OUR NIG;

or,

Sketches from the Life of a Free Black, In A Two-Story White House,
North.

SHOWING THAT SLAVERY'S SHADOWS FALL EVEN THERE.

by "OUR NIG."

Dedicated to Pauline Augusta Coleman Gates and Henry Louis Gates, Sr.

In Memory of Marguerite Elizabeth Howard Coleman, and Gertrude Helen
Redman Gates

"I know
That care has iron crowns for many brows;
That Calvaries are everywhere, whereon
Virtue is crucified, and nails and spears
Draw guiltless blood; that sorrow sits and drinks
At sweetest hearts, till all their life is dry;
That gentle spirits on the rack of pain
Grow faint or fierce, and pray and curse by turns;
That hell's temptations, clad in heavenly guise
And armed with might, lie evermore in wait
Along life's path, giving assault to all."—HOLLAND.

PREFACE.

IN offering to the public the following pages, the writer confesses her inability to minister to the refined and cultivated, the pleasure supplied by abler pens.

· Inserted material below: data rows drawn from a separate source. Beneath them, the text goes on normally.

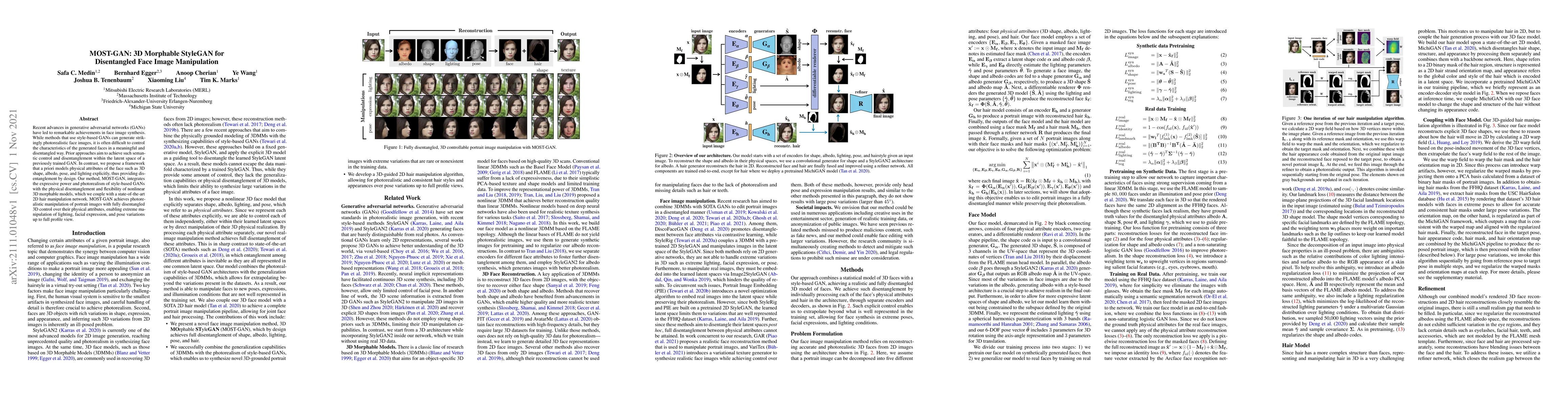 MOST-GAN combines style-based GANs with 3D morphable models to disentangle and manipulate face images by controlling physical attributes like 3D shape, albedo, pose, and lighting, achieving photorealistic and flexible portrait manipulations.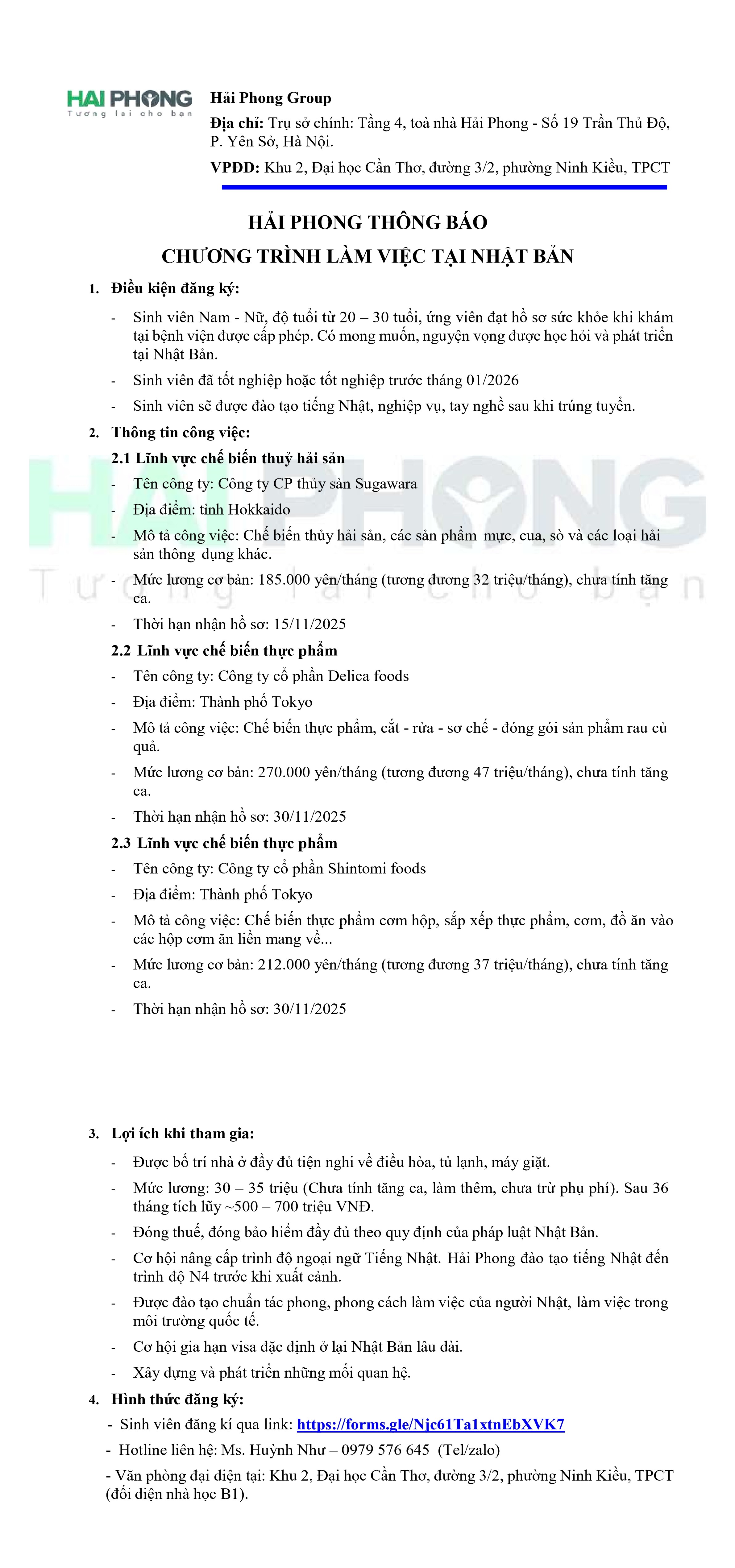 Công ty TNHH MTV Đầu tư Thương mại và Xây dựng Hải Phong thông báo tuyển dụng chương trình làm việc tại Nhật Bản dành cho sinh viên và người lao động trẻ có mong muốn học hỏi, phát triển bản thân trong môi trường quốc tế.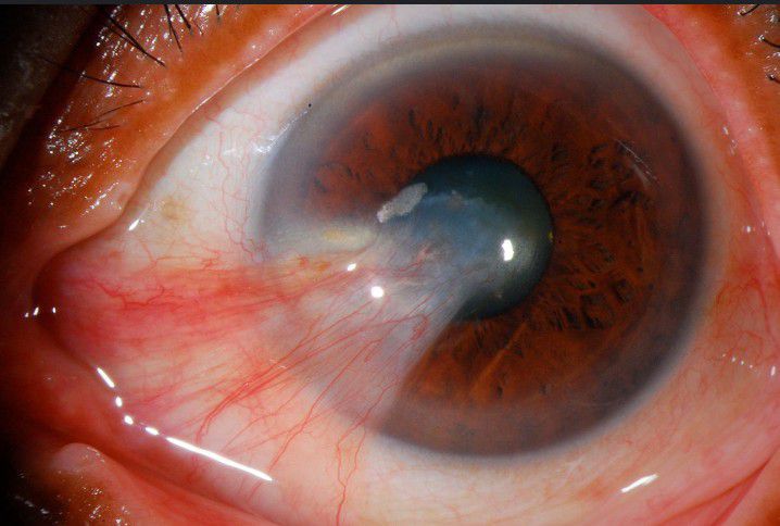 A pterygium is a fleshy overgrowth of the conjunctiva that may affect one or both eyes. Risk factors include excessive exposure to sunlight in people who spend time outdoors, and chronic eye irritation.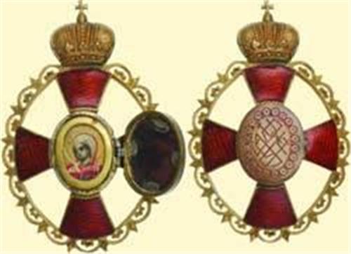 Russian Orthodox Society of the Holy-Virgin of Kholm; breast badge with pin back, bronze, partially gilt, obverse partially enamelled, central medallion with openable lid, inside a painted picture of Maria; reverse with inscription (name of the badge), maker's mark ("JA.SIWON..." ?). Significant signs of age, wearing and restoration (enamel lacquer, etc.). (A.-W. 912, 913, Patr.I/15.10)

It is not for such these crude narrations appear. Deserted by kindred, disabled by failing health, I am forced to some experiment which shall aid me in maintaining myself and child without extinguishing this feeble life. I would not from these motives even palliate slavery at the South, by disclosures of its appurtenances North. My mistress was wholly imbued with SOUTHERN principles. I do not pretend to divulge every transaction in my own life, which the unprejudiced would declare unfavorable in comparison with treatment of legal bondmen; I have purposely omitted what would most provoke shame in our good anti-slavery friends at home.